当前位置:网站首页>Compare kernelshap and treeshap based on speed, complexity and other factors
Compare kernelshap and treeshap based on speed, complexity and other factors
2022-07-23 21:25:00 【deephub】
KernelSHAP and TreeSHAP Are used for approximation Shapley value .TreeSHAP It's very fast , But it can only be used in tree based algorithms , Such as random forest and xgboost. and KernelSHAP It has nothing to do with the model . This means that it can be used with any machine learning algorithm . We will compare these two approximation methods .
The experiment in this paper , Will show TreeSHAP How fast is it actually . In addition, we also explore how the parameters of tree algorithm affect the time complexity , These include the number of trees 、 Depth and number of features . In the use of TreeSHAP When exploring data , This knowledge is very useful . Finally, we will discuss other factors ( Such as feature dependency ) Some effects of .

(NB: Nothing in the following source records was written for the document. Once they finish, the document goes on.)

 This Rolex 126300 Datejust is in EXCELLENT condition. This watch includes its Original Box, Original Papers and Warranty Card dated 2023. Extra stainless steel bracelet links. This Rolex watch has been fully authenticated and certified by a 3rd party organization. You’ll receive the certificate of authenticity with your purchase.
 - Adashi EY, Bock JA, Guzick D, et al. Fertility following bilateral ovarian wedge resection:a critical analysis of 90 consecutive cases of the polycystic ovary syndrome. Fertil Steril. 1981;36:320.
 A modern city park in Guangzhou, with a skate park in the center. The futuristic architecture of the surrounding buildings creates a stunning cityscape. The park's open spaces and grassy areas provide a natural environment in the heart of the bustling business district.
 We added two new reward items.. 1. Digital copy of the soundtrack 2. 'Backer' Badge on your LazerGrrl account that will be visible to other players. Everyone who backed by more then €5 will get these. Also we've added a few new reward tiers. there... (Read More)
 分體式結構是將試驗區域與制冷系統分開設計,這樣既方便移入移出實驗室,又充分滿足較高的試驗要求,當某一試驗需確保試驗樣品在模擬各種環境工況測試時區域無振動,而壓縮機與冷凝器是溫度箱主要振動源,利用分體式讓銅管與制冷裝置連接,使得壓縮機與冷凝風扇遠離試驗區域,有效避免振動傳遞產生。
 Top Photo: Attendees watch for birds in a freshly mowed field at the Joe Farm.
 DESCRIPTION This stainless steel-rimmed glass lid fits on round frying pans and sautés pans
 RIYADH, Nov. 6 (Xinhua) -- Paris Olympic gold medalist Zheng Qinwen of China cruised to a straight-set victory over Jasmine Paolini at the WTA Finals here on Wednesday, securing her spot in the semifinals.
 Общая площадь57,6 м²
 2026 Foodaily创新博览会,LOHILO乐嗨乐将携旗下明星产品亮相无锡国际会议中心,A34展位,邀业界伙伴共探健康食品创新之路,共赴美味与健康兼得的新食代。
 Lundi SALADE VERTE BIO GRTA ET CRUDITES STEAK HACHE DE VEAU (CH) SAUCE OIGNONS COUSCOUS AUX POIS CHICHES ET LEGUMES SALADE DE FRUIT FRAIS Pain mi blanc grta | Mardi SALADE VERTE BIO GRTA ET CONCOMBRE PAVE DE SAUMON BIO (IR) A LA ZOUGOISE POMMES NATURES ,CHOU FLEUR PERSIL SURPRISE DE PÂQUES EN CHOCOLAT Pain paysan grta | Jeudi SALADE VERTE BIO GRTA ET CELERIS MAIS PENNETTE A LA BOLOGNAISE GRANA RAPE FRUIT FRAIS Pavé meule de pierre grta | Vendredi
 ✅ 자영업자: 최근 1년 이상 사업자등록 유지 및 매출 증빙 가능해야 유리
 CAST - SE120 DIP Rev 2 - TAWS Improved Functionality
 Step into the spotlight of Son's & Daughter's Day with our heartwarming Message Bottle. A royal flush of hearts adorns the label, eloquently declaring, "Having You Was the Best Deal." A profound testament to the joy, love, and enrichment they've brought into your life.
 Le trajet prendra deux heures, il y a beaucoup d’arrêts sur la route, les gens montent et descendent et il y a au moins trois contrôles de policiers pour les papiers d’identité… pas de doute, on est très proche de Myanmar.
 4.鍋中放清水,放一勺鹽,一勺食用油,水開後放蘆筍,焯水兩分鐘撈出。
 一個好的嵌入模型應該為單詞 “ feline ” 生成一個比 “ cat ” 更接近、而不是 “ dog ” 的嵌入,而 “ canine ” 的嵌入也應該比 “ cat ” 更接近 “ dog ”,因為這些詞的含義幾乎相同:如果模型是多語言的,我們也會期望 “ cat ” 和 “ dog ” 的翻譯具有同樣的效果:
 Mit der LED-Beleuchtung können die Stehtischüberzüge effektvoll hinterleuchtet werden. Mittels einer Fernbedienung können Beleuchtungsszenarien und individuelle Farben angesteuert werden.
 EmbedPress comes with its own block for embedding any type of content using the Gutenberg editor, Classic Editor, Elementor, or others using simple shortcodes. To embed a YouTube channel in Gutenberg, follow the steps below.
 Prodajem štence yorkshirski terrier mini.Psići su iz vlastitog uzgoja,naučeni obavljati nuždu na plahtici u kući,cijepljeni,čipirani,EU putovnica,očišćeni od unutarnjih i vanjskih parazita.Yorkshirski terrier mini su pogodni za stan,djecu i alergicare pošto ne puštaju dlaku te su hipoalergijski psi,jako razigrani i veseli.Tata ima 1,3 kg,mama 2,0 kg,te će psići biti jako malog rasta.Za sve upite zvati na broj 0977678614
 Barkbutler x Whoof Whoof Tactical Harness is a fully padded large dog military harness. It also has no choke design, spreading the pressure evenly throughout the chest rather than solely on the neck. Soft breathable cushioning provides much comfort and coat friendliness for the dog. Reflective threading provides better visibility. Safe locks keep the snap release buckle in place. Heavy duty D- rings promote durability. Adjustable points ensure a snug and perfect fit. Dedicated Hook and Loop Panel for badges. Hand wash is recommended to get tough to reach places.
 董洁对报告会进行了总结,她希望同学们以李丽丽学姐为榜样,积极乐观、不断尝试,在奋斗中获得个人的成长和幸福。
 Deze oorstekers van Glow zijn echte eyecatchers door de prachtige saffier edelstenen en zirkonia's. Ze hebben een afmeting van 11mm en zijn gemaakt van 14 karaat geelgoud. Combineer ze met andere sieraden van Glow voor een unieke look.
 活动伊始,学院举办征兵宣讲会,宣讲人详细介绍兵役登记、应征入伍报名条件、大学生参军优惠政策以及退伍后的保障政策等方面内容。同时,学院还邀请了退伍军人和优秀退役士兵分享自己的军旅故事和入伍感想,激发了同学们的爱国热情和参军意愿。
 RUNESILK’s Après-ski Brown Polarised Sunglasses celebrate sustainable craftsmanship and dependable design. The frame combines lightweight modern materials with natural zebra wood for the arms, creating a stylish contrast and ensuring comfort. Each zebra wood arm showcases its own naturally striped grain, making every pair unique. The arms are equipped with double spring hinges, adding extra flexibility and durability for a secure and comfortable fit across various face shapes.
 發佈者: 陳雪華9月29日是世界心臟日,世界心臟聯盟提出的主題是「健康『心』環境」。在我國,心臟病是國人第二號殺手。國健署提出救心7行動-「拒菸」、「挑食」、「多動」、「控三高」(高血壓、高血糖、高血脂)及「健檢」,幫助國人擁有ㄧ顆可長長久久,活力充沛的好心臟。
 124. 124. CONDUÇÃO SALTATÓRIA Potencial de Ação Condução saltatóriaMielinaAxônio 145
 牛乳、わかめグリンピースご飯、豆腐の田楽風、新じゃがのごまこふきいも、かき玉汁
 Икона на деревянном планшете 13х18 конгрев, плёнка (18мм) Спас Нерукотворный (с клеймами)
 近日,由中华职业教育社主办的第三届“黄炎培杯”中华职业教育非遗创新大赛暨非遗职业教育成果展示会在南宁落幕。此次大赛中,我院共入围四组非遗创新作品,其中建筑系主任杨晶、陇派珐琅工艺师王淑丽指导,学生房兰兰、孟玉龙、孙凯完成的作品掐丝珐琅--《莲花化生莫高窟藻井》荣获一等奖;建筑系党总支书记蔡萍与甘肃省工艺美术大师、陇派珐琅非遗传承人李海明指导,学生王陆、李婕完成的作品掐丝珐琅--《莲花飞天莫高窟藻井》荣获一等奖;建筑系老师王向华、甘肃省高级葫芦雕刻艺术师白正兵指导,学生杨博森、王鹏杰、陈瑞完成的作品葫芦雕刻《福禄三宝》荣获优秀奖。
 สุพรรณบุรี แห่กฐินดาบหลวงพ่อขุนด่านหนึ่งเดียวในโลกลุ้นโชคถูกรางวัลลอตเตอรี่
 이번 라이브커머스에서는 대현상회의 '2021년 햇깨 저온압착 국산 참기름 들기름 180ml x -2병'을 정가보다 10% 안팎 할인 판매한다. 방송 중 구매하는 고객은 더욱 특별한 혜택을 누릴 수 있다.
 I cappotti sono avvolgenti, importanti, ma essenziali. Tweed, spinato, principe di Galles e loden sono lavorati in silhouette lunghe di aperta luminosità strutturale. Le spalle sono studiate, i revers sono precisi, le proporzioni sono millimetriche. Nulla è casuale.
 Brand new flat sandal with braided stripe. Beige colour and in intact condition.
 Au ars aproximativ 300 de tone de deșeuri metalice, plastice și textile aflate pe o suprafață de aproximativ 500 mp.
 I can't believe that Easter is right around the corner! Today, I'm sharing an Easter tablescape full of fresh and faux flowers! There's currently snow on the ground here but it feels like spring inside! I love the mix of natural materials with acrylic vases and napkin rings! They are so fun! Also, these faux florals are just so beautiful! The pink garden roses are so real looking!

This article assumes that you know SHAP, You can refer to other articles published before .
Time per sample
For the first experiment , Let's look at these methods of calculation SHAP How much time does it take . We won't go into detail about the code used , Because the complete code will be provided at the end of this article GitHub Address . Start with simulated regression data . There are 10000 Samples 、10 Characteristics and 1 Continuous target variables . Use the data , We trained a random forest , The model has 100 tree , Maximum depth is 4.
Now you can use this model to calculate SHAP value . Use at the same time KernelSHAP and TreeSHAP Method , Calculate for each method 10、100、1000、2000、5000 and 10000 individual SHAP value . Record the time taken for each value calculation , And I repeat this process 3 Time , Then take the average value as the final time .
You can see it in the picture 1 See results in .TreeSHAP Obviously faster . about 10,000 individual SHAP value , This method is time-consuming 1.44 second . by comparison ,KernelSHAP Time consuming 13 branch 40.56 second . This is a 570 Times of time . Of course, the speed of these calculations will depend on the equipment , But the difference won't be too big .
[ Failed to transfer the external chain picture , The origin station may have anti-theft chain mechanism , It is suggested to save the pictures and upload them directly (img-Jgv4Bvan-1658543917174)(http://images.overfit.cn/upload/20220723/c34a942dca1e4a3e910c9b1d2d465949.png)]
above TreeSHAP The line looks flat . This is because KernelSHAP It's too much . Below 2 in , We draw alone TreeSHAP . It can be seen that it also increases linearly with the increase of observation times . This tells us each SHAP Values need similar time to calculate . We will discuss the reasons in the next section .

Time complexity
The time complexity of the two methods is as follows . This is also the calculation feature of tree algorithm SHAP The complexity of value .T Is the number of individual trees .L Is the maximum number of leaves per tree .D Is the maximum depth of each tree .M Is the maximum number of features in each tree . For these methods , These parameters will affect the approximation time in different ways .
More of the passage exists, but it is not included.